Como asunto central de su trabajo poético, el tiempo para Reverdy es una revelación instantánea y el poema “una organización verbal de relaciones temporales”. Es evidente que la atención al elemento del devenir no agota el contacto entre ambos poetas, ni tampoco es exclusiva de estos dos autores, quienes sin duda la compartieron, para no ir muy lejos, con el cónclave surrealista; sin embargo, el hecho de que la meditación sobre el asunto de lo temporal protagonice con alguna frecuencia los poemas de Cernuda y Reverdy no parece circunstancia casual.
En el poeta francés, antes que predominar la obsesión del tiempo fugitivo, que nos abandona como el día a la lámpara que defiende “el recinto con sus fuerzas ligeras”, ocurre más a menudo la apropiación del tiempo estático, del instante: “Campana vacía/ Pájaros muertos/ En la casa donde todo se adormece/ Las nueve/ La tierra se queda inmóvil.” Por cierto que en el Cernuda de la madurez el tiempo oficia también de acorde o fusión con el instante y la contemplación resulta revelación del tiempo en las cosas, pero la imagen –diríase casi, la confesión– que alerta los poemas del primer libro de Cernuda es la del devenir que hurta “alma y vida” y hace que el poeta se refugie en una clara, unánime, irrenunciable vocación de “amor y olvido”.

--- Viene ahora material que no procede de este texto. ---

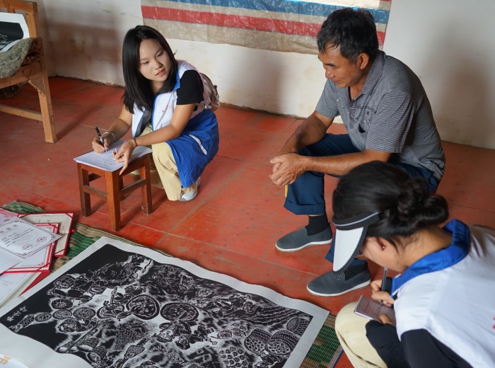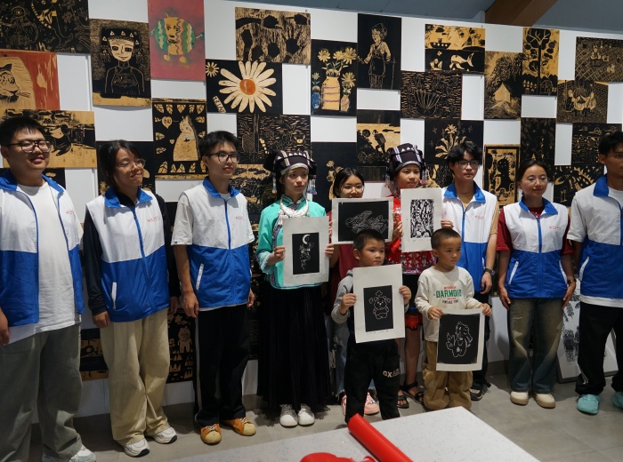 美术与设计学院院长孙华、党委副书记朱琳于2024年暑期带领30名师生深入马关县阿峨新寨,聚焦农民版画的保护与传承开展调研。实践团通过系统调研、专业赋能与创新实践,完成三项核心成果:一是学习非遗技艺并完成210余平米版画展厅规划及110页版画发展画册设计;二是以“传统+创新”模式,创作20余幅创意版画及50余件文创产品,推动非遗活化;三是在阿峨新寨建立“美育工作站”,每年开展2次留守儿童美术教育,为乡村振兴注入美育力量。调研期间,团队累计收集整理100余幅版画作品信息,通过一对一入户调研挖掘非物质文化遗产内涵,并联合当地传承人探索版画产业化路径。学生将专业实践与社会服务结合,既掌握了传统技艺精髓,又为阿峨版画可持续发展提供新思路。
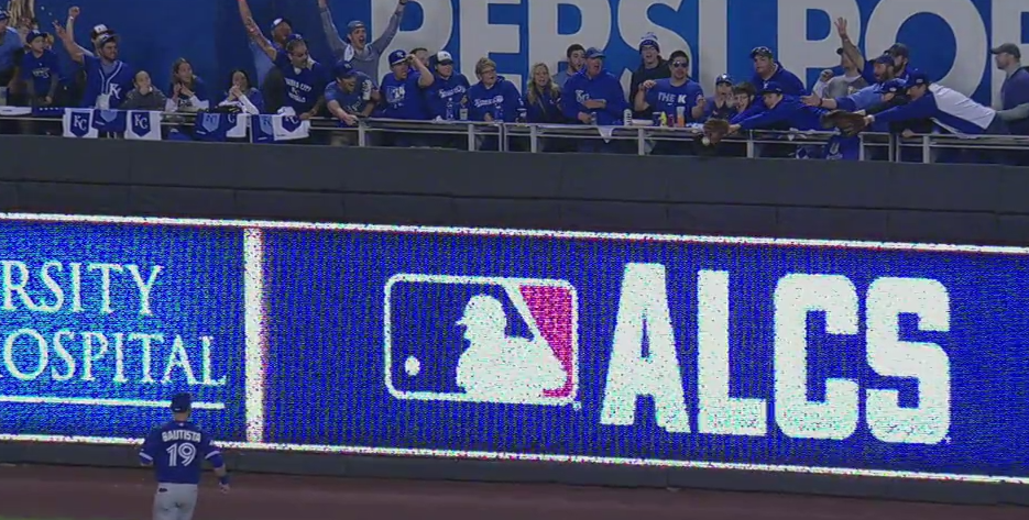 Moustakas' ball was caught by a fan sitting in the right-field seats, before officially clearing the wall. The play was initially ruled a home run and the call was upheld following a review, which appeared to show the ball was on trajectory to clear the wall before being interfered with.
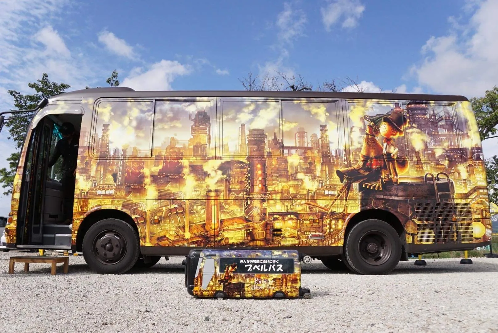 日本全国だけでなく、世界中で開催されている『えんとつ町のプペル光る絵本展』なんですが、バスの中を個展会場に改造した移動式個展会場はこのプペルバスが初めてで日本に1台しかあません。
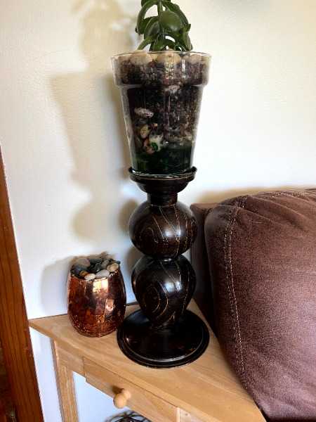 Bought this beautiful piece but now need to downsize. I use it as a plant platform to elevate my plants but you can use it for large candles or anything else you can imagine. Plant is not included.
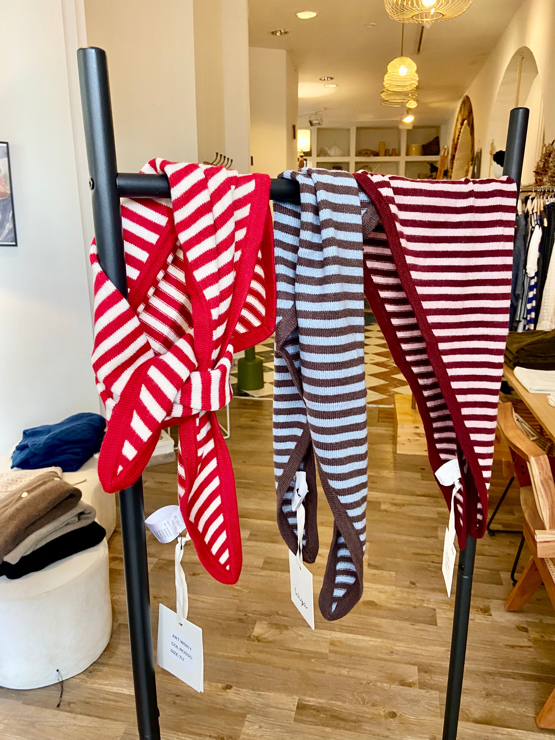 Super süßer Dreiecks Schal gestreift in Schokobraun und Himmelblau
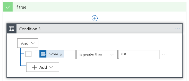 If the tweet is in English we will skip the translation and proceed with the next step which is the detection of key phrases in the tweet. For the non-english languages we only want to proceed and translate the tweet if the Text Analytics service was very confident about the result. We don’t want to waste translations (API calls and money) if it’s not sure it detected the correct language. Add a condition to the ‘If true’ step to require the score from the Text Analytics step to be greater than 0.8. Only when this condition is met we will translate the tweet text to English.
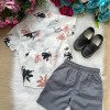 TECIDO DA CAMISA: 100% ALGODÃOTECIDO DO SHORT: 50% POLIESTER, 30% VISCOSE, 20%LINHO Conjunto composto por: Camisa Social Manga Curta off florida e Shorts na cor cinza OBS: Calçados e acessórios Vendidos Separadamente. * LEMBRANDO QUE PODERA HAVER VARIAÇÃO DE TONALIDADE DO PRODUTO DEPENDENDO DA TELA DO SEU DISPOSITIVO
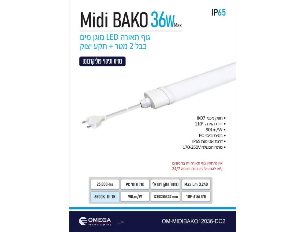 גוף תאורה מוגן מים של חברת OMEGA אידיאלי להתקנה חיצונית , פרגולות, תאורה היקפית לבית ,מתאים לתליה בסוכה, התקנה פשוטה וקלה דגם : OM-MIDIBAKO12036-DC2 הספק : 36W גוון אור : אור יום לומן : 3240 מבנה גוף : בסיס וכיסוי PC צבע גוף : לבן
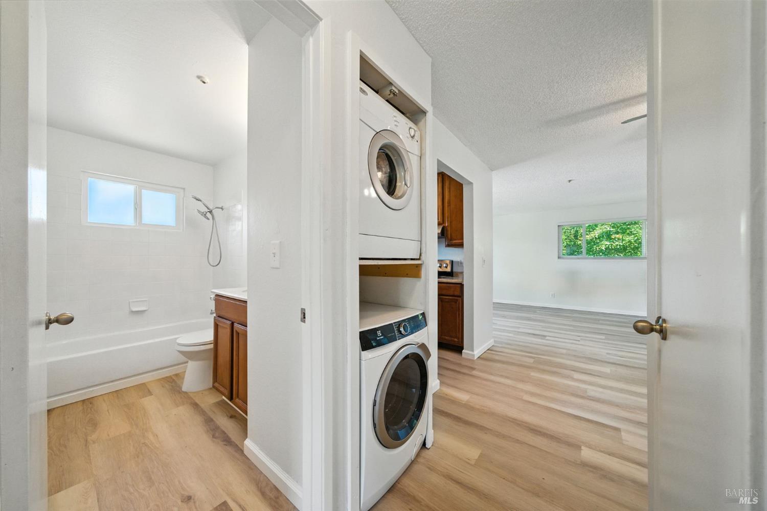 Don't miss this light-filled, top-corner unit, an exceptional opportunity in one of Santa Rosa's central communities! Featuring your own washer and dryer inside, sleek laminate floors throughout, updated windows, and freshly painted, offering a fresh, modern look that complements today's lifestyle. Newer heater and air conditioner. The elevated unit sits above the semi-open garage, offering covered parking and a storage closet. Enjoy your personal balcony, ideal for morning coffee or relaxing in the evening. The beautifully maintained grounds include manicured lawns, majestic redwoods, a sparkling pool, and a welcoming clubhouse. Enjoy unbeatable convenience with the Children's Museum, bus stops, restaurants, Whole Foods, and Coddingtown Mall all less than a mile away. Whether you're commuting, dining out, or exploring local attractions, everything you need is right at your doorstep. This is more than a home, it's a lifestyle. Schedule your showing today and discover why this is the perfect place to call home!Interested in this Listing?
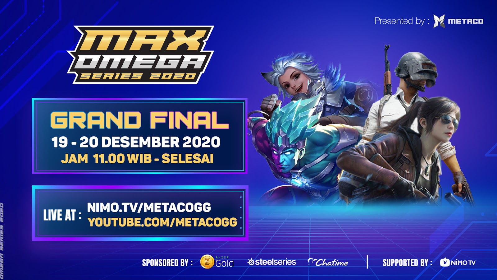 MAX Omega Series 2020 akan menggelar babak grand final-nya di 19 hingga 20 Desember 2020 jam 11:00 WIB. Untuk lebih jelasnya kamu bisa menyimak kedua banner berikut ini.
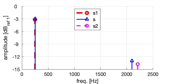 s(t)= A_1 \sin (2 \pi F_1 t) + A_2 \sin (2 \pi F_2 t)
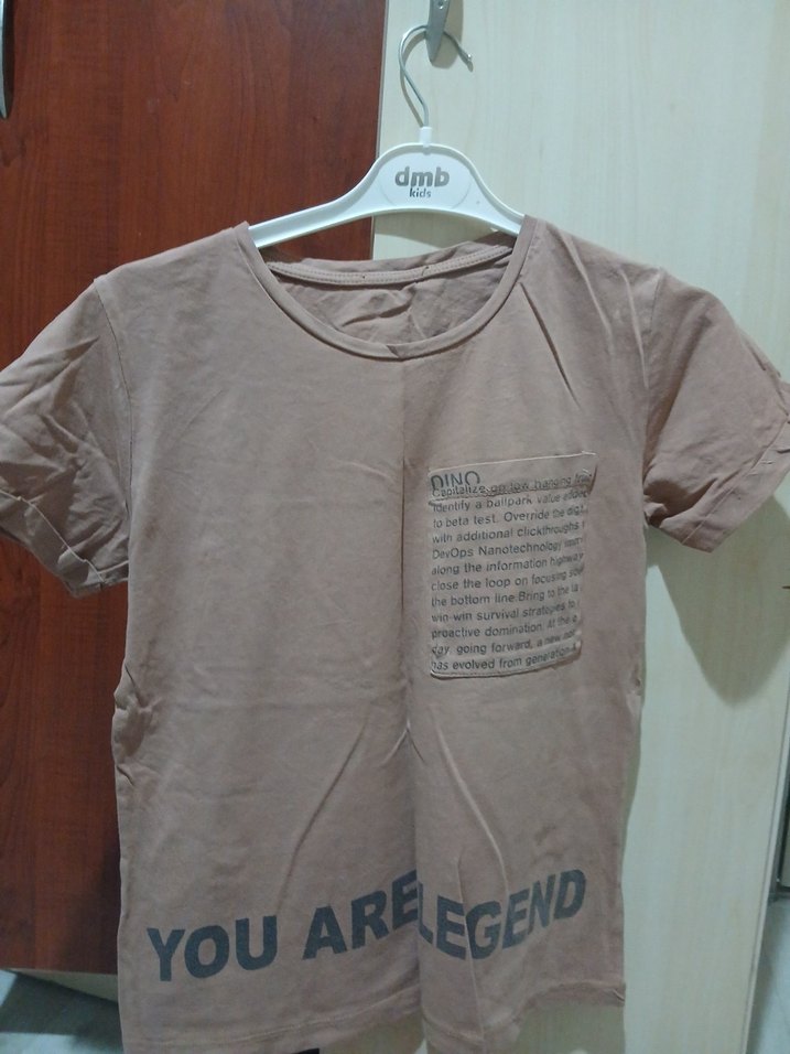 kahverengi renkli, pamuklu kumaştan yapılmış, kısa kollu kız tişörtü. Baskılı detaylara ve rahat bir görünüm için bol kesime sahiptir.
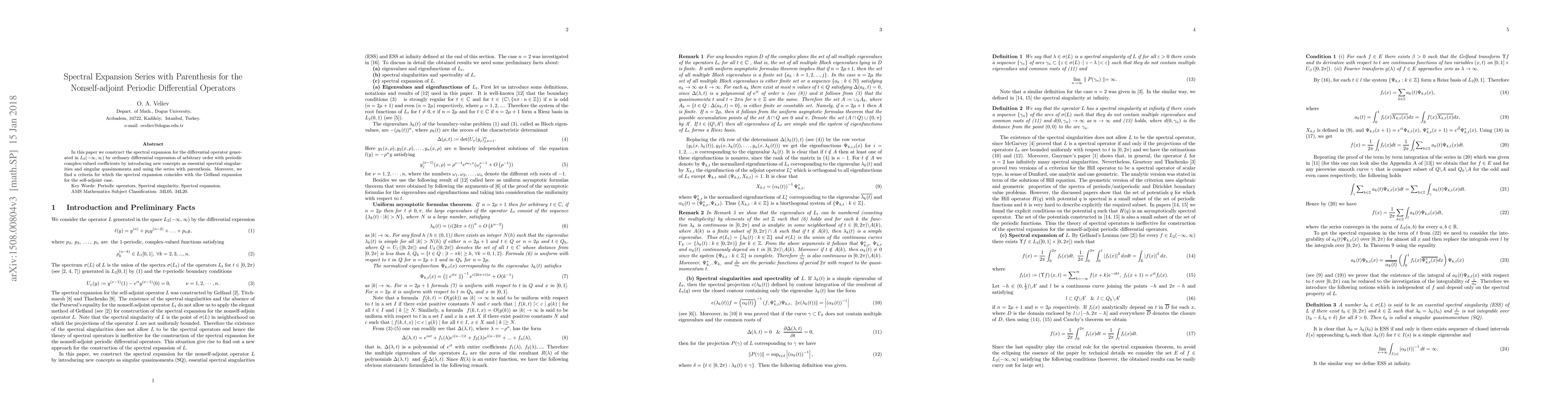 This paper constructs a spectral expansion series for nonself-adjoint periodic differential operators using new concepts of essential spectral singularities and singular quasimomenta, and a series with parenthesis. It also establishes criteria for when this expansion matches the Gelfand expansion for self-adjoint cases.
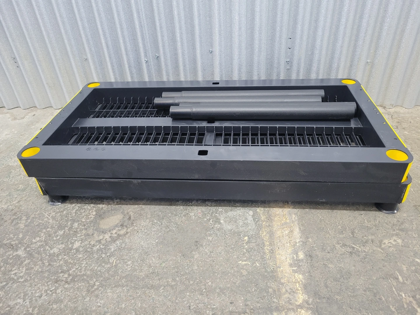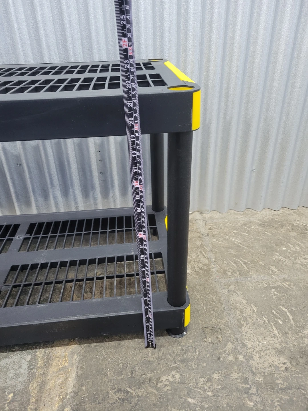 This is a black 2-tier plastic shelf unit. It has yellow corner accents and black posts. The shelves are vented for airflow. It's approximately 36 inches long, 18 inches deep, and 21,5 inches high.

El poeta secreto, marginal, de intensidad interior que es Reverdy, yuxtapuesto, independiente como las reticentes imágenes de su poesía, alejado del establishment cultural de su país, es el que verdaderamente sedujo a Cernuda, quien se identificó, en su naturaleza de exiliado, con el destino ajeno a cualquier tipo de reconocimiento del poeta francés, condición que da sentido y singularidad a una obra que confirma en el autor español la idea de que “Francia no tiene poetas sino a pesar suyo”. El recelo vital y estético de Reverdy tiene que ver, quizá, con la “desnudez ascética” que Cernuda celebra en su transparencia moral, lo mismo que con la “simplificación al máximo de los elementos del poema” –que el crítico Manuel Ulacia reconoció en su momento como manifestación de la “pureza espiritual” reverdyana– en la obra del poeta sevillano, afinidad que define mejor la reserva de ambos escritores que la veta cubista observada por la crítica en Reverdy.
Sea de esa naturaleza el paralelismo, o incida en la tesis del purismo poético inevitable del primer Cernuda (idea insoslayable porque, cuando se empieza a escribir, es difícil no ceder al hechizo de las pasiones estéticas de la época), lo cierto es que la concisión de la imagen y una percepción de tipo instantáneo revelan en ambos poetas una cierta “impresión de abstracción” que se consigue casi siempre, paradójicamente, a través del mundo de los objetos. Y he ahí otro logro común que enaltece tanto la obra de Reverdy como la de Cernuda: la
presencia de un evidente embelesamiento de la mirada no a partir del enrarecimiento de las formas sino de la concreción y la certidumbre de las cosas en sí, de una plasticidad tan intensa que desdibuja y deshace la luminosidad para alumbrarla desde dentro.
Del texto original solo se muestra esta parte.